The Rock’s most well-known Native American history is recent.  From 1969 to 1971, American Indian activist, Richard Oakes, and a group of Bay Area native peoples occupied Alcatraz with the intention of obtaining a deed to the island and establishing a university, cultural center, and museum there. Their efforts became unglued when Oakes’ 13-year old daughter was killed during a fall on the island. Oakes left Alcatraz and soon thereafter did the rest of the movement’s members. Largely as a result of the group’s efforts, in 1975 the U.S. government passed the Indian Self-Determination and Education Assistance Act.

With Wind 1
A dragon’s head greets you as you enter the installation, “With Wind”. The dragon kite fills a large room in the New Industries Building. The ancient Chinese art form of the kite represents each person’s individual power and alludes to governments’ repression of that power.
With Wind Snowden Quote
The misconception of totalitarianism is that freedom can be imprisoned. This is not the case. When you constrain freedom, freedom will take flight and land on a windowsill. –Ai Weiwei
Trace Room
In a second room, the installation, “Trace” appears.

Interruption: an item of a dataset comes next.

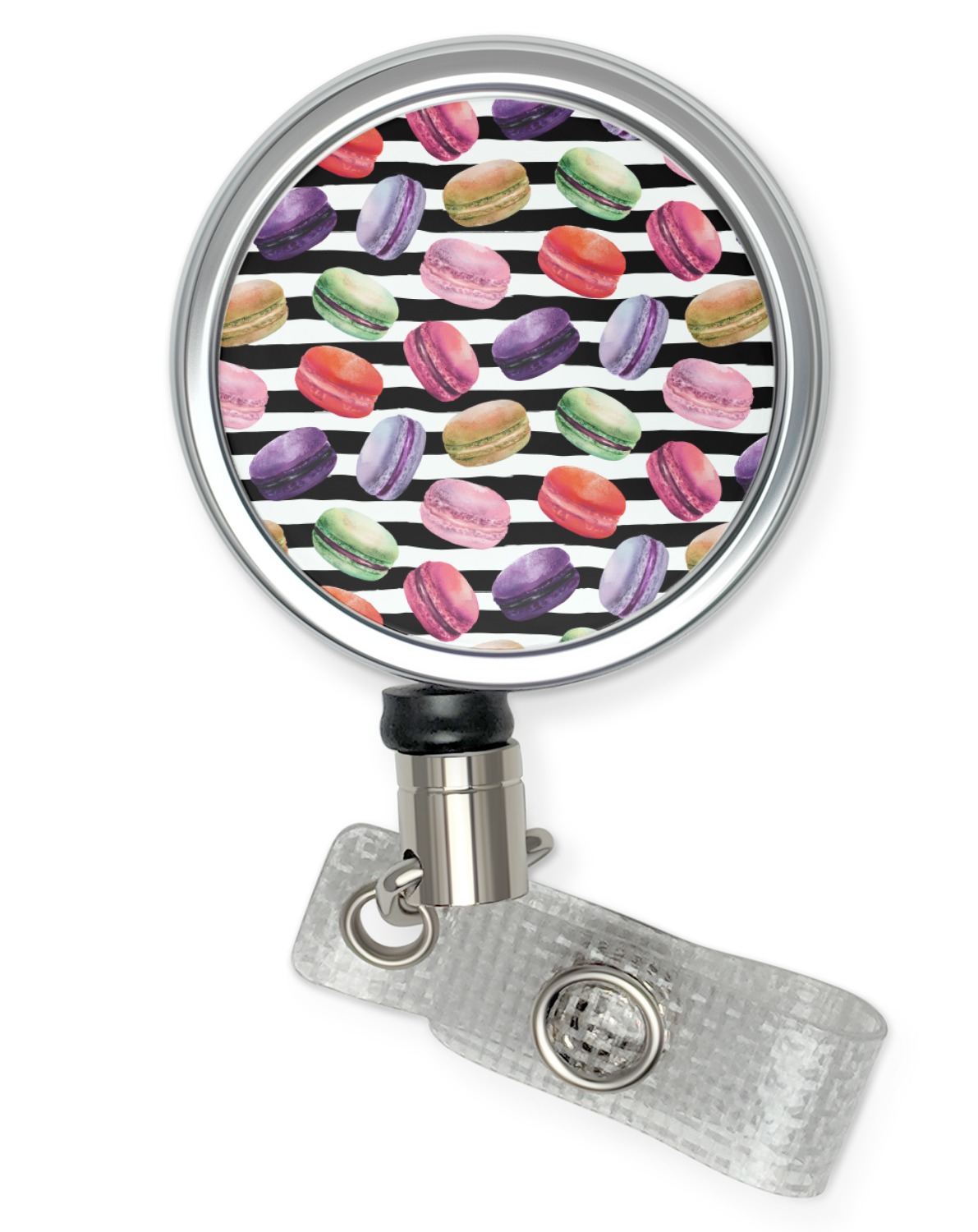 This design simply has the adorable macaron pattern with a striped pattern behind it. You are easily able to add any content you wish to personalize it. The macarons are all different fun colors. You will see green, purple, yellow, red, and pink. The stripes directly behind them are black and white. This design is perfect for any macaron lover or foodie. They will be sure to brighten up your life.

Portraits of 176 men and women imprisoned for their beliefs, affiliations, and speaking out against their governments are constructed as a carpet of legos. The images of these individuals were so powerful I hardly noticed they were made from a child’s toy.
Trace Naji Fateel
Naji Fateel, a Bahrainian human rights activist, has been imprisoned and tortured since 2007. His smiling face is so sweet and human to me.
Stay tuned prison cells
The installation, “Stay Tuned”, was next the stop on our tour. Stay tuned is a sound installation in 12 cells located in A Block. Visitors are invited to sit in each cell (on a very cold, hard metal stool) and listen to songs, spoken word, and music of individuals who were imprisoned for their creative and spiritual work. Dissidents and activists include Martin Luther King, Jr., Fela Kuti, and Pussy Riot.

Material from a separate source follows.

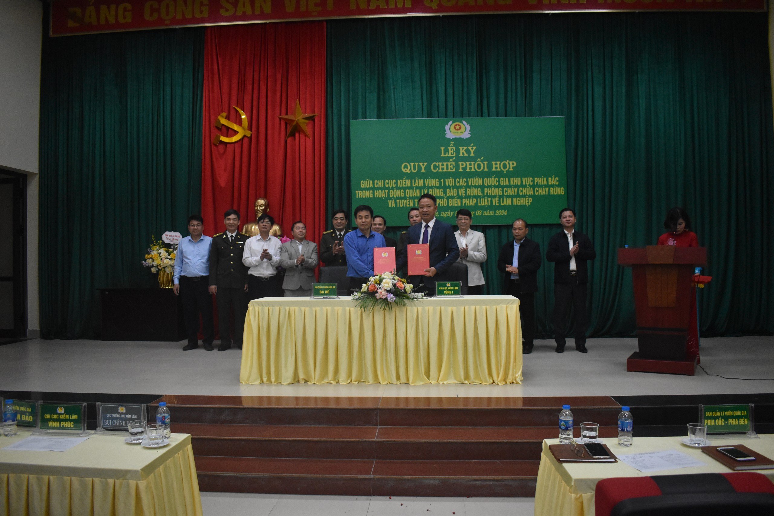 Ngày 08/3/2024, tại tỉnh Vĩnh Phúc, Chi cục Kiểm lâm Vùng I tổ chức Hội nghị bàn, ký Quy chế phối hợp giữa Chi cục Kiểm lâm Vùng I với các Vườn quốc gia khu vực phía Bắc trong hoạt động quản lý rừng, bảo vệ rừng, phòng cháy chữa cháy rừng và tuyên truyền phổ biến Pháp luật về lâm nghiệp. Dự Hội nghị có đồng chí Bùi Chính Nghĩa, Bí thư Đảng ủy, Cục trưởng Cục Kiểm lâm; đại diện lãnh đạo các phòng, ban thuộc Cục Kiểm lâm; Lãnh đạo Chi cục Kiểm lâm tỉnh Vĩnh Phúc; Lãnh đạo, công chức, viên chức và người lao động thuộc 08 Vườn quốc gia Tam Đảo, Hoàng Liên, Xuân Sơn, Phia Oắc-Phia Đén, Bái Tử Long, Cát Bà, Ba Bể, Du Già; Lãnh đạo Chi cục, đại diện các phòng, đội thuộc Chi cục Kiểm lâm Vùng I.

Stay tuned inside the cell
This is a wall in the cell for Czech composer, Pavel Haas. Haas was Jewish and imprisoned in Terezin and Auschwitz concentration camps. He wrote at least eight compositions during his confinement before he was killed. Study for String Orchestra was chosen for his installation. I was so moved, I started to cry.
blossoms 1
In “Blossom”, bathtubs and sinks are filled with fragile white porcelain flowers. Installed in the hospital ward of the prison, Blossom could represent a symbol of caring, like sending flowers to a sick friend, or the fleeting quality of life as in the eventual decay of cut flowers. (Would you have guessed I was an art history major in college?)
Dad in the window
One of the best parts of @Large is getting to visit previously closed parts of the prison like the New Industries Building and the Hospital. Here my dad, Tom, tries to get a view from a window in the hospital.

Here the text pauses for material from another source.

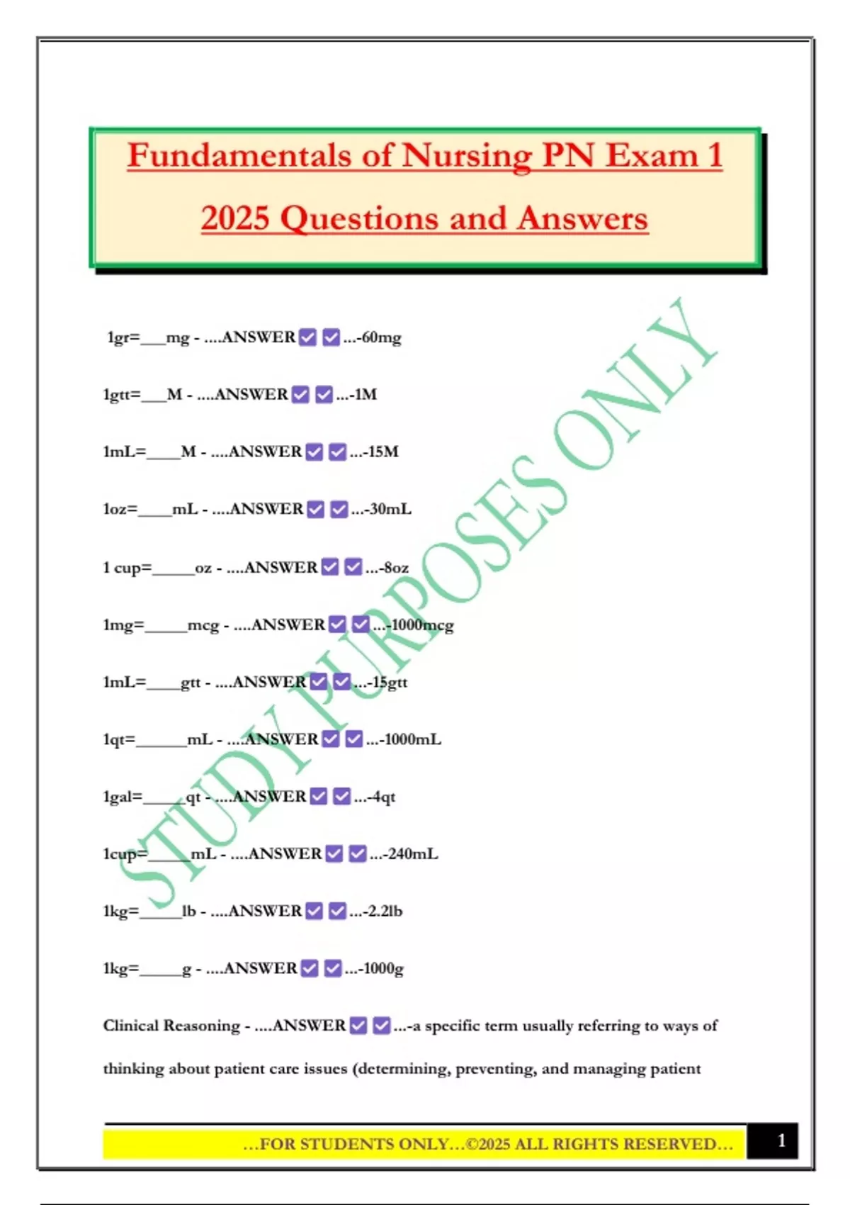 Fundamentals of Nursing PN Exam 1 2025 Questions and Answers

blossoms your bath is ready
Your bath is ready, sir.  A view of a bathroom in the hospital. Creepy.
Prison sink
When I saw this sink in the New Industries Building, I couldn’t help but wonder, “what were the men that used this sink like? What did they think about?”. Even dilapidated and unused, humanness can still be felt here.
Tom and Bev
Although the exhibition was heavy and a trip to Alcatraz is always thought-provoking, my parents and I were able to celebrate their 55th Wedding Anniversary!
Tom and EM
Tom and the CCC enjoy a little rest before our ferry ride home.
Butterfly sign
Did you think, even for a second, that there would not be cocktails? Butterfly is a short walk from Pier 33 with good food and a complete cocktail menu. “Happy Hour” and “Wine Bar” are four of the most reassuring words in the English language.
Butterfly view
The view from Butterfly. An ideal place to ponder the significance of Weiwei’s show and the questions, “what can I do? How can I make a difference?”.
butterfly cocktails
The moment you have all been waiting for: A photo of our drinks! Can you guess who the Bloody Mary belongs to?

Don’t miss @Large!  It’s moving, evocative, and a relevant reflection of our times.












5 thoughts on “Alcatraz @Large!

      1. When I visited SF I didn’t have time to visit Alcatraz. So your pictures made me travel 😀
        Looking forward to reading your posts!